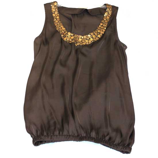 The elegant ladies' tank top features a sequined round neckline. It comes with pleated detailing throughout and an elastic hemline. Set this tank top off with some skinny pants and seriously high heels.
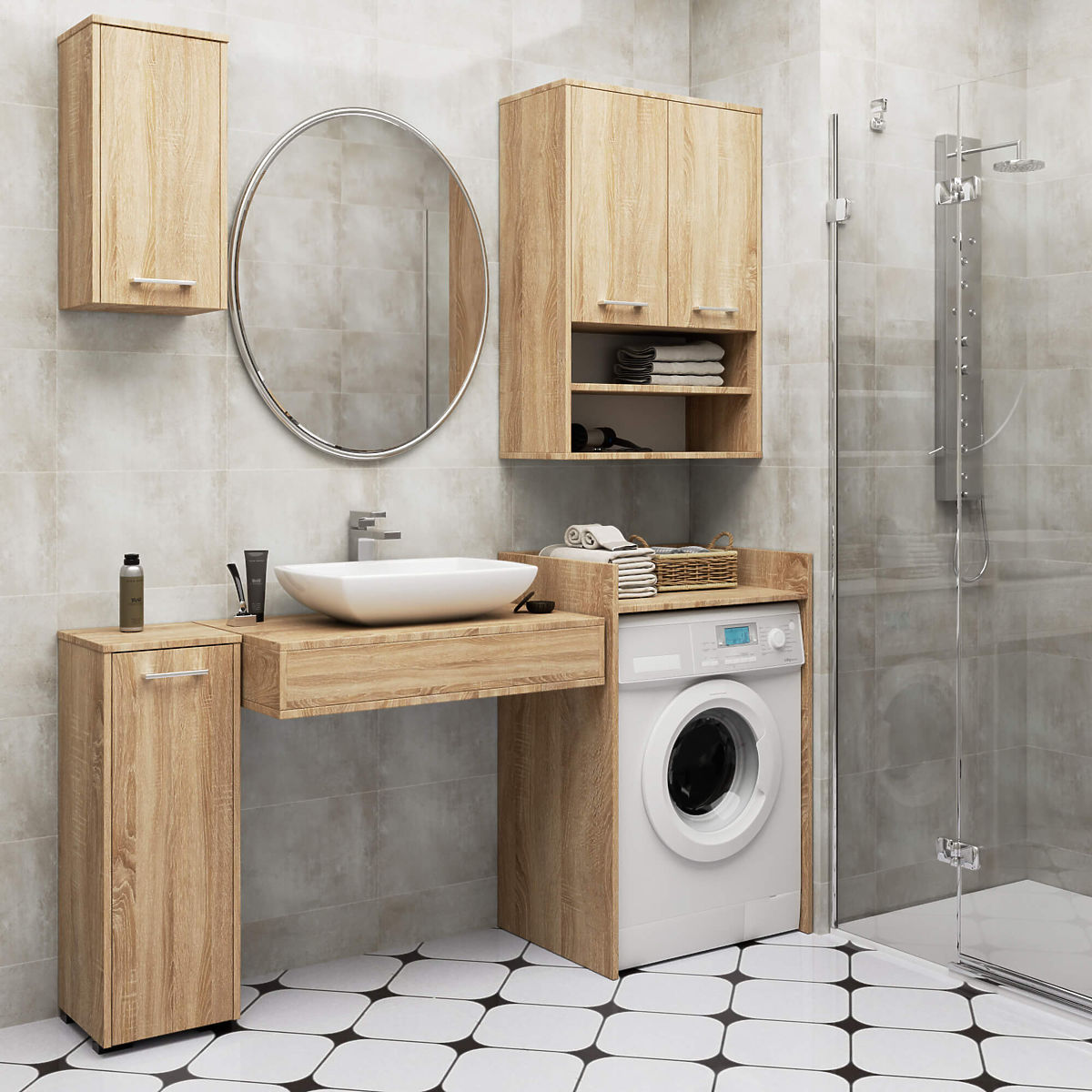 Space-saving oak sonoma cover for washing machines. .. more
* * *
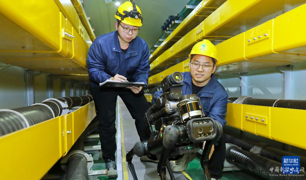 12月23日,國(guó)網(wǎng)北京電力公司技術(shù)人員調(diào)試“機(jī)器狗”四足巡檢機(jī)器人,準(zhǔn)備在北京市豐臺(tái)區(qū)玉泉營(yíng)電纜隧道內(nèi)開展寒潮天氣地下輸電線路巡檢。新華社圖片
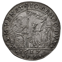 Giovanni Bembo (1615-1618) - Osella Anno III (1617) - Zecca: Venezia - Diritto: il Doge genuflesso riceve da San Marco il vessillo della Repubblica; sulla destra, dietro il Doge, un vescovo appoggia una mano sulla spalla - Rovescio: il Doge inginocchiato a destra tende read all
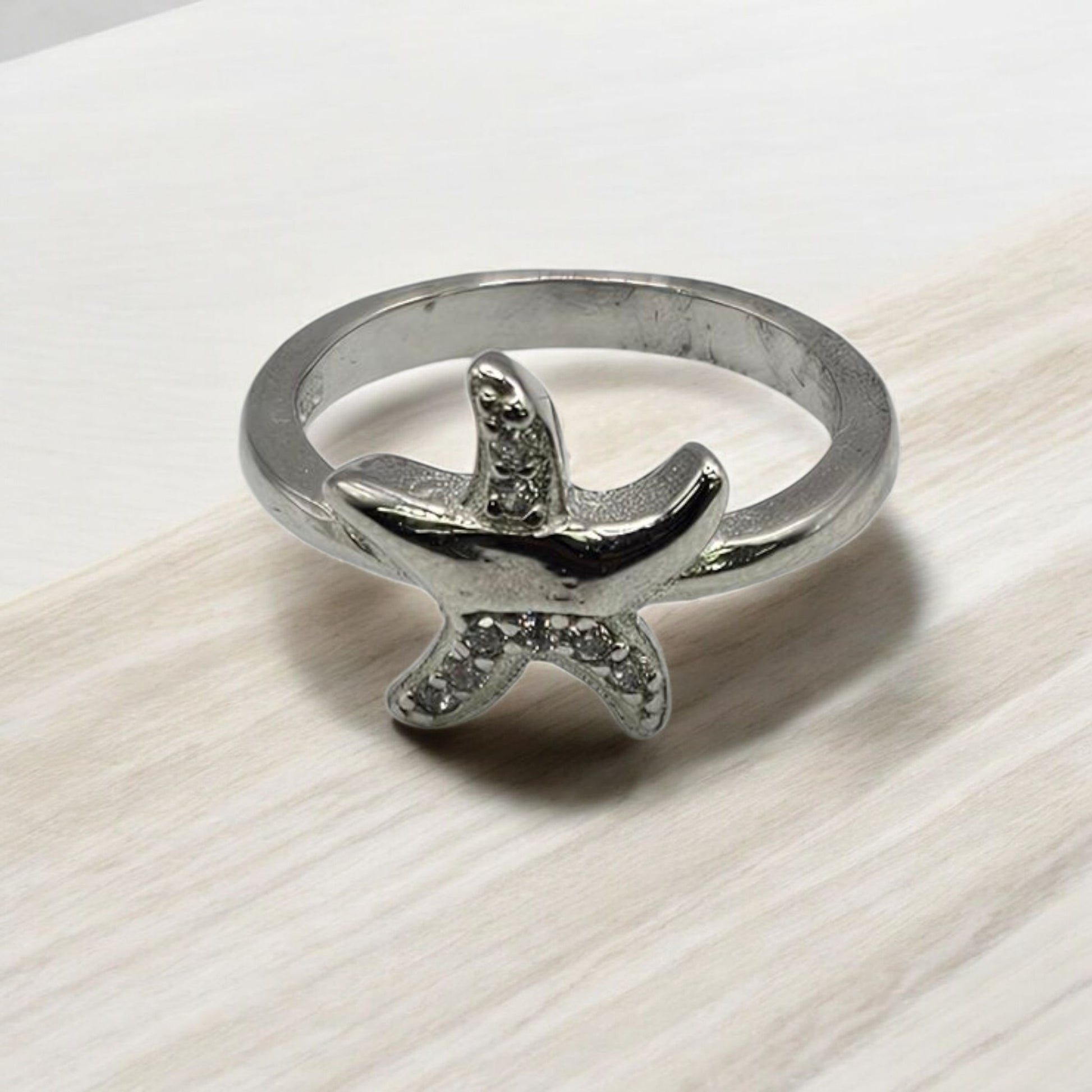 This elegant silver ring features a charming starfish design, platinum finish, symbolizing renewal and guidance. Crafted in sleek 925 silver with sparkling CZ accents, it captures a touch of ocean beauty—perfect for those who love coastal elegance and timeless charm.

• **Exercise**: Copy only this from above: the line containing "The elegant ladies'", the line containing "Space-saving oak sonoma", and all lines between, printed exactly. Leave out the pictures.

• **Expected answer**:
 The elegant ladies' tank top features a sequined round neckline. It comes with pleated detailing throughout and an elastic hemline. Set this tank top off with some skinny pants and seriously high heels.
 Space-saving oak sonoma cover for washing machines. .. more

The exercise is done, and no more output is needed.